__EXERCISE GOAL__: Please transcribe only the lines that run from the line bearing "X Just curious, how" to the end of the entries, keeping both end lines. Skip the pictures.

Items listed in a dataset
----------

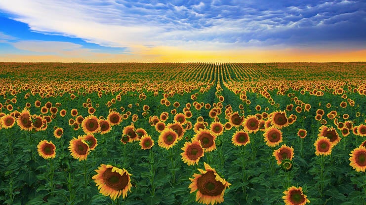 “I spent two summers to get this shot. This place is actually 200 miles from my house. The first summer (2011), I went to this place at least three times a week learning the place and the lighting, but no luck for me. I didn’t give up before I got my shot. Summer 2012 I promised myself to get the shot. I wanted it. Every single day I check The Weather Channel, and on July we had a lot of storms here in South Dakota. And finally I saw the amazingly beautiful clouds and great color contrast of sunflower fields. I think finally my waiting paid off.”
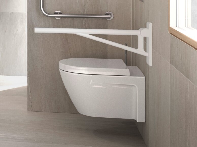 Handgrepen met scharnieren moeten ook aan beide zijden van het toilet worden aangebracht. De bovenkant van de opklapbare steungreep op het toilet moet 28 cm boven de zithoogte zitten. Het wordt ook aanbevolen dat de opklapbare steungreep 15 cm voorbij de zitting uitsteekt. Een vrije afstand van 65 tot 70 cm tussen de handgrepen wordt aanbevolen. Deze waarden zijn bedoeld voor de publieke sector. In privéwoningen is het belangrijk dat opklapbare steunrails achteraf kunnen worden aangebracht. Het installeren van een geschikte montageplaat bij het plannen van een nieuwe badkamer of het renoveren van een bestaande is een belangrijke beslissing voor de toekomst.
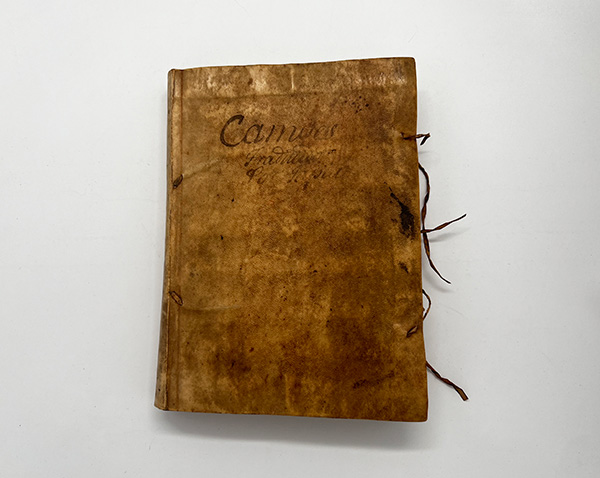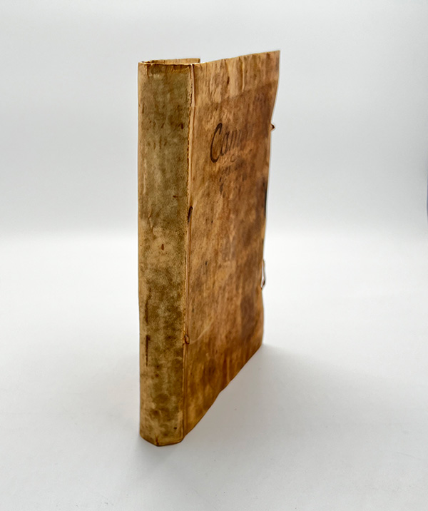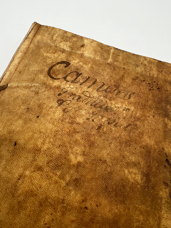 Encadernação original em pergaminho bem conservada, restaurada com novas guardas e com atilhos. Na pasta da frente manuscrita com os seguintes dizeres: “Camoes // Tradução // Por Tapia”.
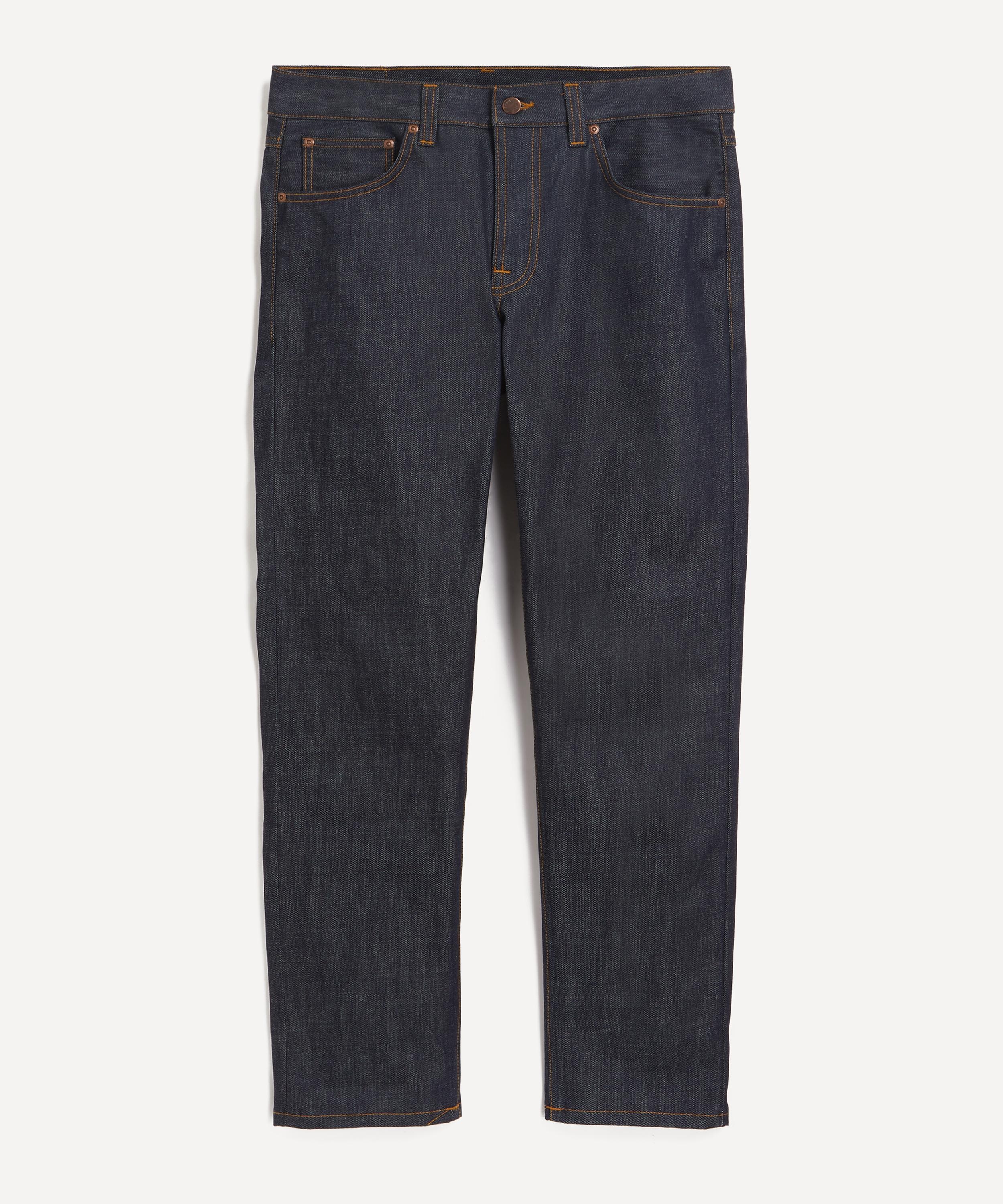 DETAILS Gritty Jackson jeans 14.9oz rigid denim Regular straight-leg fit Mid waist rise Designer wash: Dry Old Tobacco thread at seams Copper trims Zip fly and button fastening Leather patch to rear Made in Italy SIZE & FIT Model is 186cm/6’1"; Chest: 92cm; Waist: 71cm and wears a size 32 COMPOSITION & CARE 100% Cotton Machine wash at 30°C
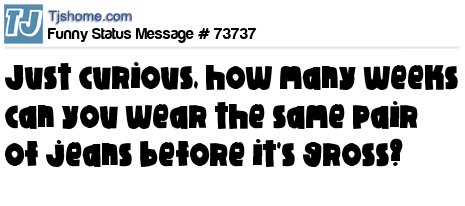X Just curious, how many weeks can you wear the same pair of jeans before it's gross?
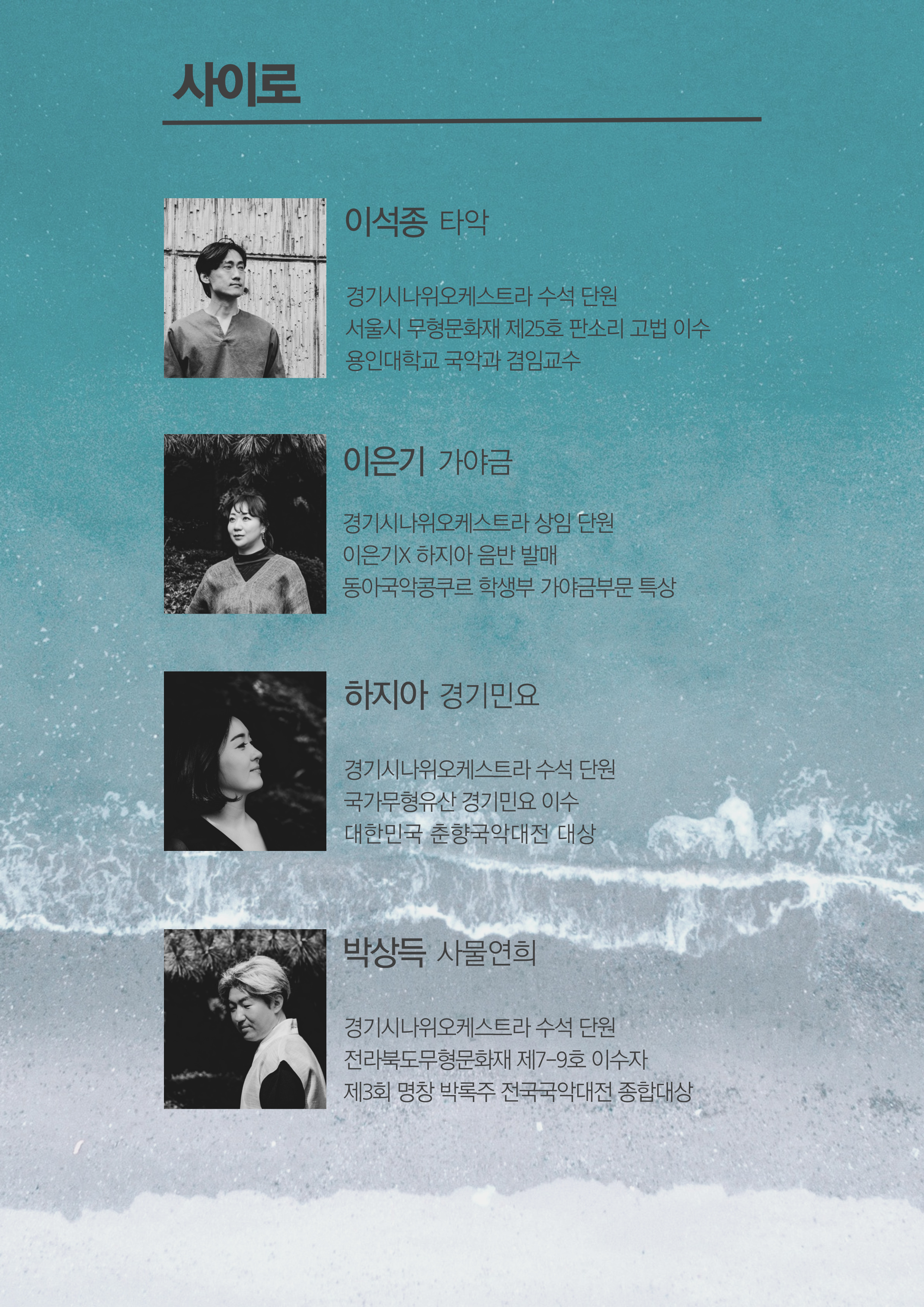 네명의 연주자들은 전원 현재 경기도립 시나위 오케스트라의
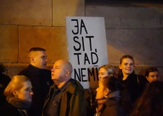 "Nosargāsim Māti Latviju" protesta akcija Doma laukumā (foto: Laura Baiba Balcere)
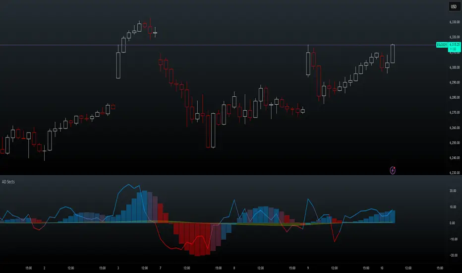 This indicator tracks the breadth strength of the S&P 500 by combining an unweighted Advance-Decline (A/D) Line and a market-cap weighted A/D Histogram across all 11 major S&P sectors.
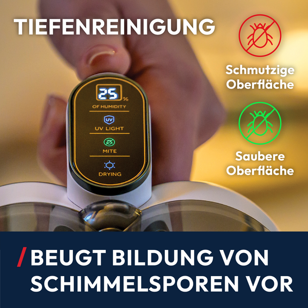 • 4-IN-1 FUNKTIONEN: Beat&Roll, Staubsaugen, UV-C-Licht, Trocknen: zur Tiefenreinigung von Matratzen, Sofas und Polstern.

----------

__WRITTEN SOLUTION__:
X Just curious, how many weeks can you wear the same pair of jeans before it's gross?
 네명의 연주자들은 전원 현재 경기도립 시나위 오케스트라의
 "Nosargāsim Māti Latviju" protesta akcija Doma laukumā (foto: Laura Baiba Balcere)
 This indicator tracks the breadth strength of the S&P 500 by combining an unweighted Advance-Decline (A/D) Line and a market-cap weighted A/D Histogram across all 11 major S&P sectors.
 • 4-IN-1 FUNKTIONEN: Beat&Roll, Staubsaugen, UV-C-Licht, Trocknen: zur Tiefenreinigung von Matratzen, Sofas und Polstern.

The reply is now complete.